Today marks a sombre yet not so uncommon milestone. It’s the fifth anniversary of Brazilian military police k*lling 8-year-old Ágatha Vitória Félix as she rode a kombi, a collective public transport van, in the Complexo do Alemã (German Complex), one of Rio de Janeiro’s largest favela conglomerations. A favela is a Brazilian slum.
Gunfire rang out on the evening of 20 September 2019, striking Ágatha in her back while she sat next to her mother. Authorities charged military police officer Rodrigo José de Matos Soares with firing the rifle that k*lled her. However, public outcry, primarily from favela communities that know all too well what happens when structural racism and systemic violence go unchecked, hasn’t halted the bloodshed.

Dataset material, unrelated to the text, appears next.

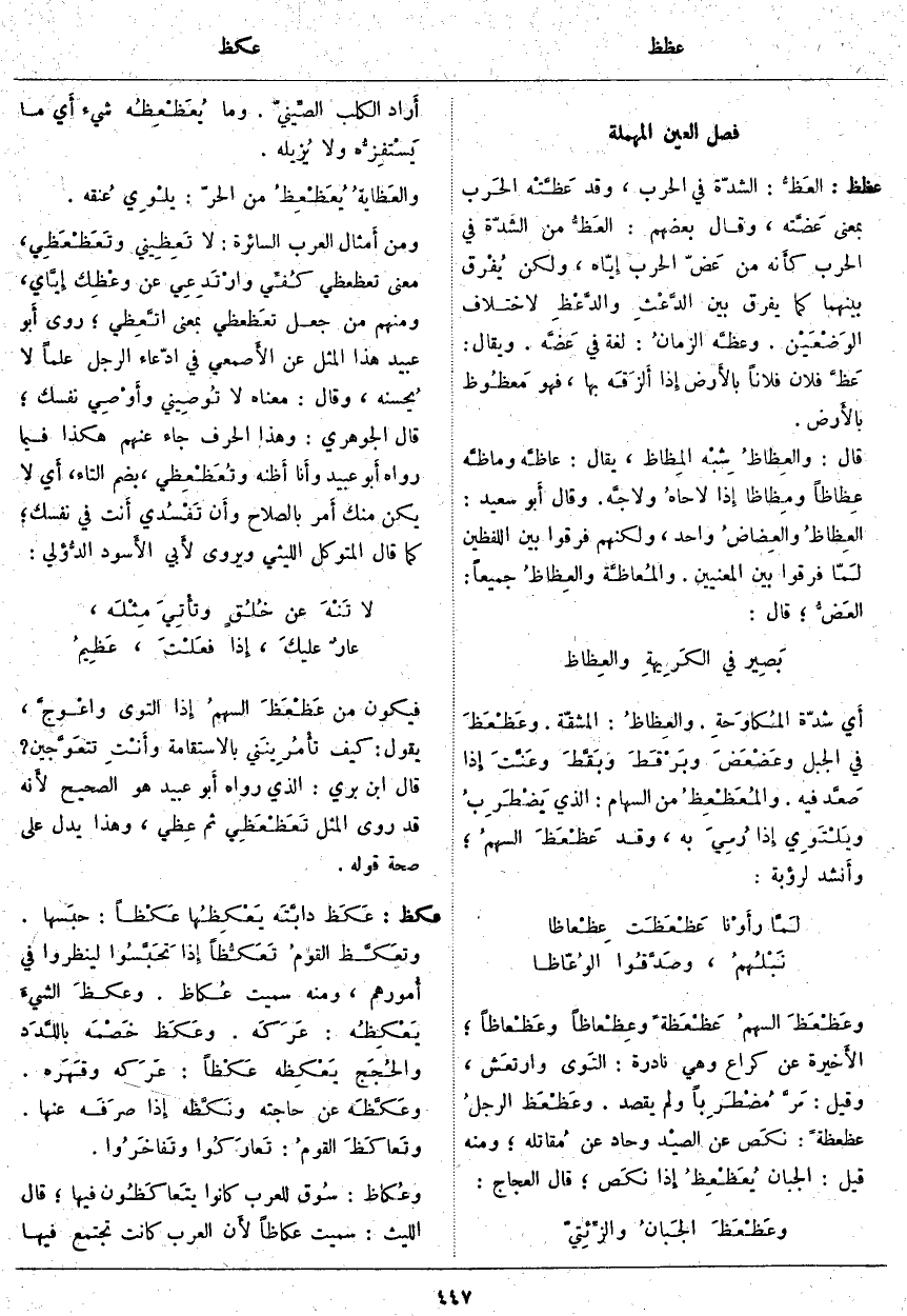 عظظ: العَظُّ: الشِّدَّةُ فِي الْحَرْبِ، وَقَدْ عَظَّتْه الحَرب بِمَعْنَى عَضَّته، وَقَالَ بَعْضُهُمُ: العَظُّ مِنَ الشِّدَّةِ فِي الْحَرْبِ كأَنه مِنْ عَضّ الْحَرْبِ إِيّاه، وَلَكِنْ يُفْرق بَيْنَهُمَا كَمَا يُفَرَّقُ بَيْنَ الدَّعْثِ والدَّعْظِ لِاخْتِلَافِ الوَضْعَيْن. وعظَّه الزمانُ: لُغَةٌ فِي عضَّه. وَيُقَالُ: عَظَّ فُلَانٌ فُلَانًا بالأَرض إِذا أَلزَقَه بِهَا، فَهُوَ مَعظُوظ بالأَرض. قَالَ: والعِظاظُ شِبْه المِظاظ، يُقَالُ: عاظَّه وماظَّه عِظاظاً ومِظاظاً إِذا لاحاهُ ولاجَّه. وَقَالَ أَبو سَعِيدٍ: العِظاظُ والعِضاضُ وَاحِدٌ، وَلَكِنَّهُمْ فَرَّقُوا بَيْنَ اللَّفْظَيْنِ لَمّا فَرَقُوا بَيْنَ الْمَعْنَيَيْنِ. والمُعاظَّة والعِظاظُ جَمِيعًا: العَضُّ؛ قَالَ:

Then, former Rio de Janeiro Governor Wilson Witzel (2019-21) blamed Ágatha’s death on people who ‘smoke marijuana,’ as authorities commonly scapegoat poor Brazilians. As far as Witzel was concerned, storming the German Complex to detain or off community members selling and/or smoking weed was well within the law.
In 2023, police interventions in communities across Brazil k*lled 6,393 people, of which 82.7 per cent were of African descent. That’s a 188.9 per cent increase over the past decade, with the mortality rate of African-descended victims 3.8 times higher than white Brazilians. African descendents represent just over half of Brazil’s population.
Brazil’s war on drugs, an offshoot of the US ‘war on drugs’ initiated in 1971, shows no signs of letting up, leaving behind a trail of body bags.